What is being asked
Without including any images, repeat the data exactly.

Data shown
+ + + + +

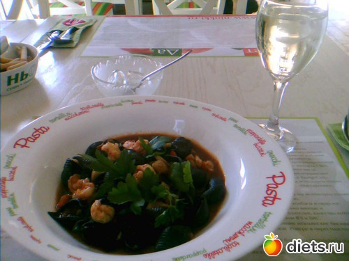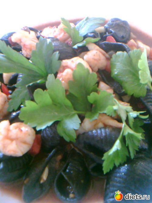 Это были черные конкильи с креветками и кальмарами с бокалом белого вина со льдом:
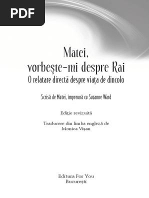 Matei Vorbeste Mi Despre Rai O Relatare Directă Despre Viaţa De Dincolo Scrisă De Matei Impreună Cu Suzanne Ward Ediție Revizuită Traducere Din Lim Pdf Free Download
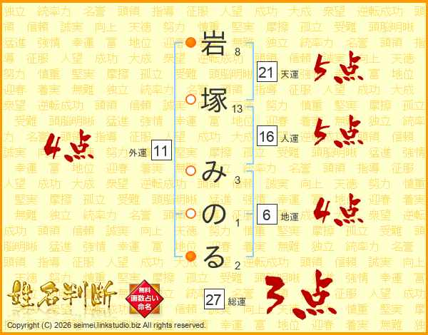 岩(8画)塚(13画) み(3画)の(1画)る(2画)
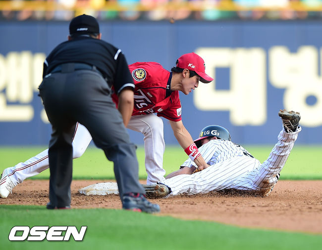 6일 오후 서울 잠실야구장에서 열린 2014 한국야쿠르트 세븐 프로야구 LG 트윈스와 KIA 타이거즈의 경기, 4회말 1사 주자 1,3루 LG 박용택의 타석에서 1루 주자 김용의가 2루 도루에 실패하고 있다.

+ + + + +

Expected answer
 Это были черные конкильи с креветками и кальмарами с бокалом белого вина со льдом:
 Matei Vorbeste Mi Despre Rai O Relatare Directă Despre Viaţa De Dincolo Scrisă De Matei Impreună Cu Suzanne Ward Ediție Revizuită Traducere Din Lim Pdf Free Download
 岩(8画)塚(13画) み(3画)の(1画)る(2画)
 6일 오후 서울 잠실야구장에서 열린 2014 한국야쿠르트 세븐 프로야구 LG 트윈스와 KIA 타이거즈의 경기, 4회말 1사 주자 1,3루 LG 박용택의 타석에서 1루 주자 김용의가 2루 도루에 실패하고 있다.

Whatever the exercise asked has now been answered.